THE PROBLEM. Pictures stay out, but every line of the data is copied exactly.
[MATERIAL FOR THIS EXERCISE Boundary: Start]
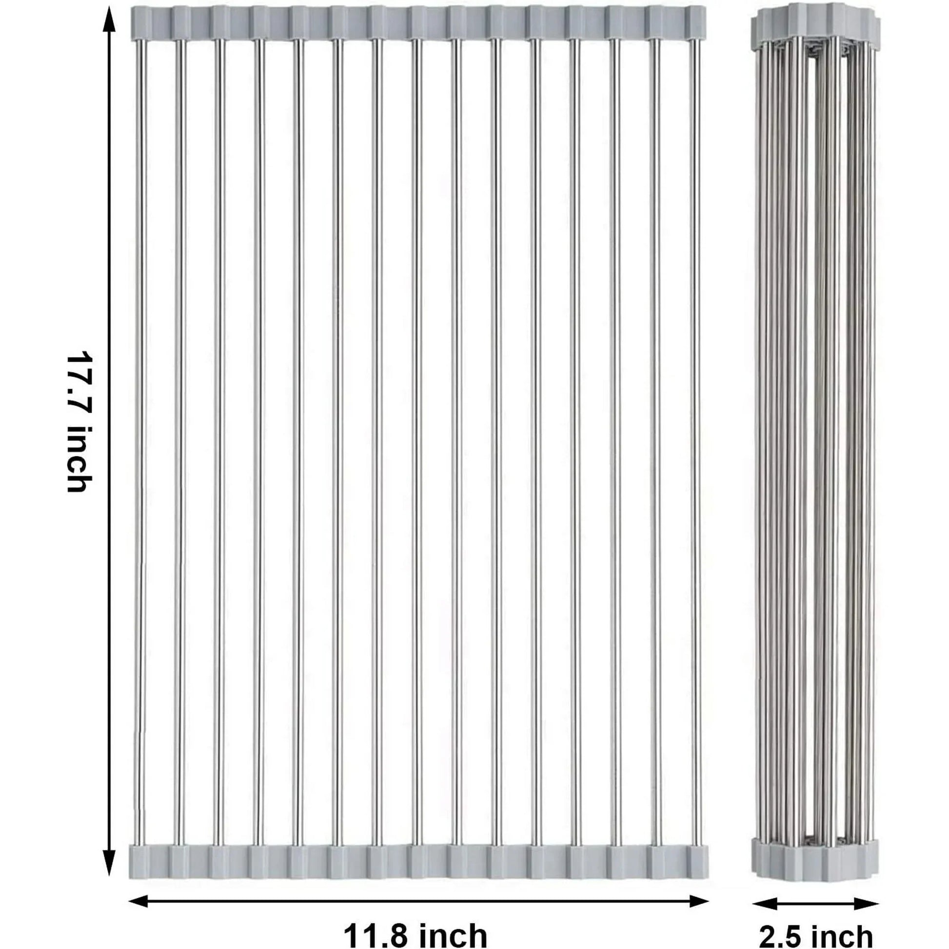 Roll up Dish Drying Rack, Over The Sink Kitchen Sink Dish Rack Multipurpose Stainless Steel Dry Rack Dish Drainer Foldable Dish Drying Rack for Sink Counter (17.7"x11.8")
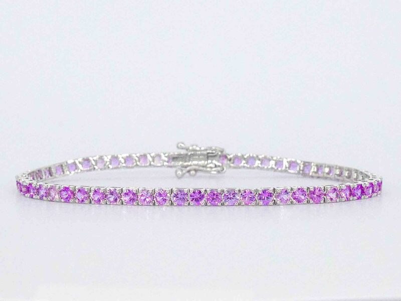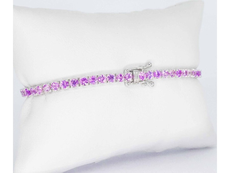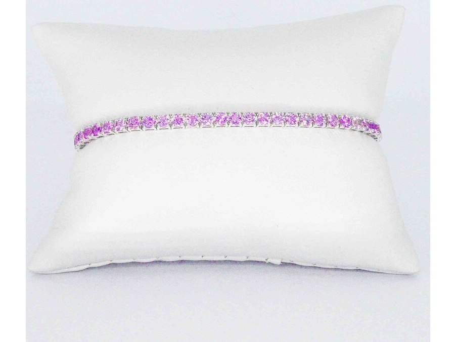 Product: Gouden tennisarmband met 6.00 carat aan roze saffieren Specificaties: Edelsteen: Saffieren Aantal: 58 stuks Slijpvorm: Rond geslepen Gewicht (carat): 6.00 carat Kleur: Roze Zuiverheid: Met natuurlijke insluitsels Juweel: Armband Gewicht: 8 gram Afmetingen/lengte: 18 cm Materiaal: 14k goud (585) Conditie: Nieuw Verpakking: Luxe sieradendoos Toelichting: De kwaliteit is overgenomen van het rapport behorend bij item. De waardebepaling is een beoordeling van een gecertificeerde diamantair, gebaseerd op consumentenprijzen. Consumentenprijs: € 6.545,- Ring kan als het mogelijk is op maat gemaakt worden.
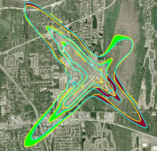 Description: ANEFNL25Noise-Contours: Published 2025 forecast noise contour from the 2010 LTCP (60-80 DNL in 5 dB increments)Received October, 2017
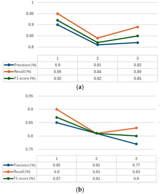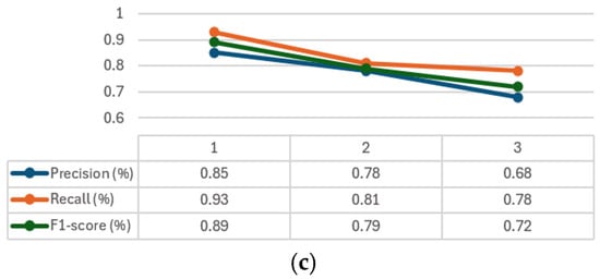 The convergence graphs of precision, recall, and F1-score are presented in Figure 6 for every class considered (1–3). It can be seen how, in all the graphs (Figure 6a–c) CXR-DNNs assess a good class’s prediction accuracy. The best accuracy score (p = 95%) using our proposed model CXR-DNN is shown in Table 7. These results imply that the network may benefit from transfer learning to extract useful characteristics in terms of COVID-19 illness diagnosis. More than one piece of work has used this concept to speed up the creation of a trustworthy instrument to aid medical professionals in the diagnosis of COVID-19.
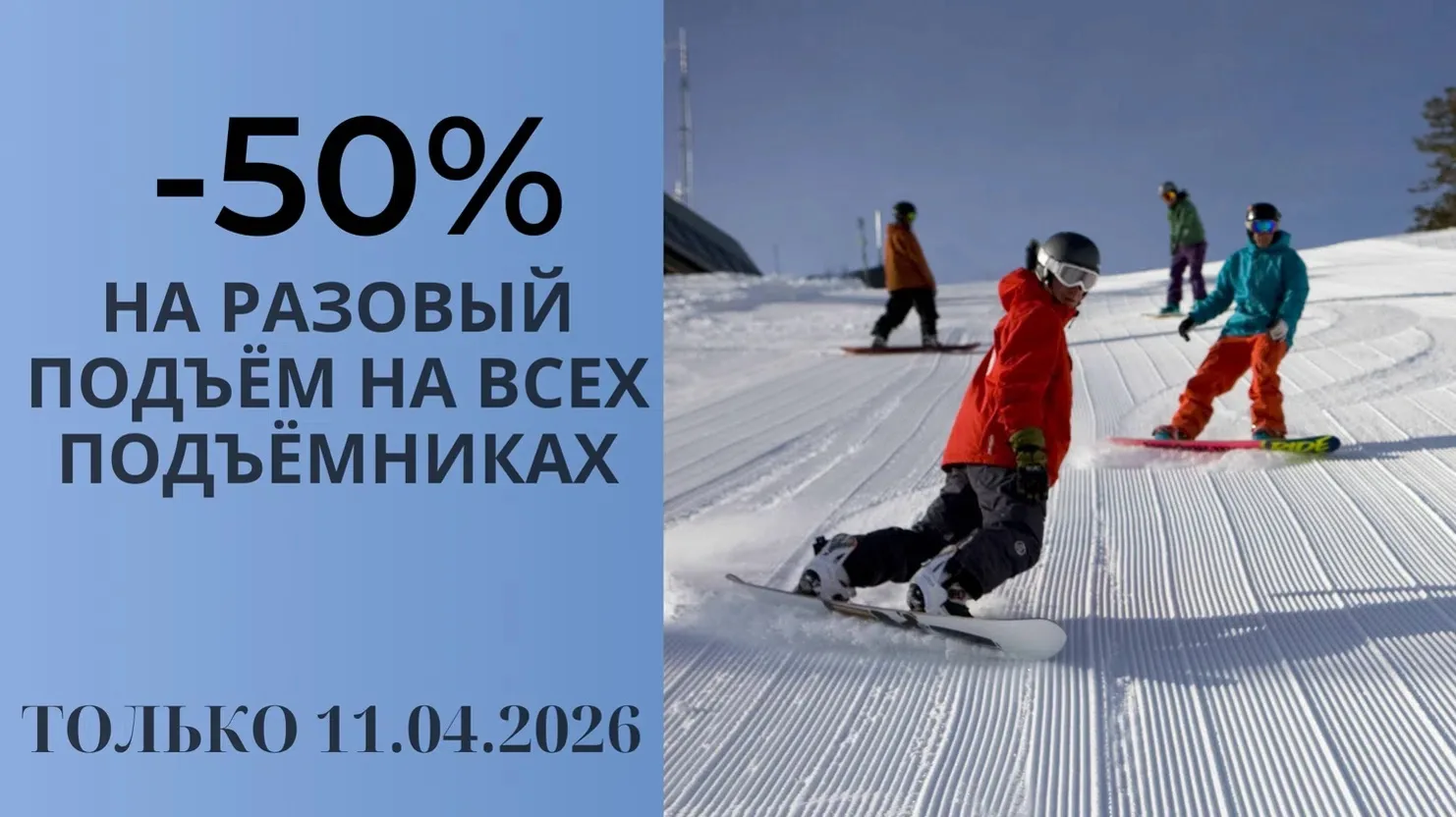 Только 11 апреля действует уникальное предложение – скидка 50% на все разовые подъёмы!
[MATERIAL FOR THIS EXERCISE Boundary: End]
RESULT.
 Roll up Dish Drying Rack, Over The Sink Kitchen Sink Dish Rack Multipurpose Stainless Steel Dry Rack Dish Drainer Foldable Dish Drying Rack for Sink Counter (17.7"x11.8")
 Product: Gouden tennisarmband met 6.00 carat aan roze saffieren Specificaties: Edelsteen: Saffieren Aantal: 58 stuks Slijpvorm: Rond geslepen Gewicht (carat): 6.00 carat Kleur: Roze Zuiverheid: Met natuurlijke insluitsels Juweel: Armband Gewicht: 8 gram Afmetingen/lengte: 18 cm Materiaal: 14k goud (585) Conditie: Nieuw Verpakking: Luxe sieradendoos Toelichting: De kwaliteit is overgenomen van het rapport behorend bij item. De waardebepaling is een beoordeling van een gecertificeerde diamantair, gebaseerd op consumentenprijzen. Consumentenprijs: € 6.545,- Ring kan als het mogelijk is op maat gemaakt worden.
 Description: ANEFNL25Noise-Contours: Published 2025 forecast noise contour from the 2010 LTCP (60-80 DNL in 5 dB increments)Received October, 2017
 The convergence graphs of precision, recall, and F1-score are presented in Figure 6 for every class considered (1–3). It can be seen how, in all the graphs (Figure 6a–c) CXR-DNNs assess a good class’s prediction accuracy. The best accuracy score (p = 95%) using our proposed model CXR-DNN is shown in Table 7. These results imply that the network may benefit from transfer learning to extract useful characteristics in terms of COVID-19 illness diagnosis. More than one piece of work has used this concept to speed up the creation of a trustworthy instrument to aid medical professionals in the diagnosis of COVID-19.
 Только 11 апреля действует уникальное предложение – скидка 50% на все разовые подъёмы!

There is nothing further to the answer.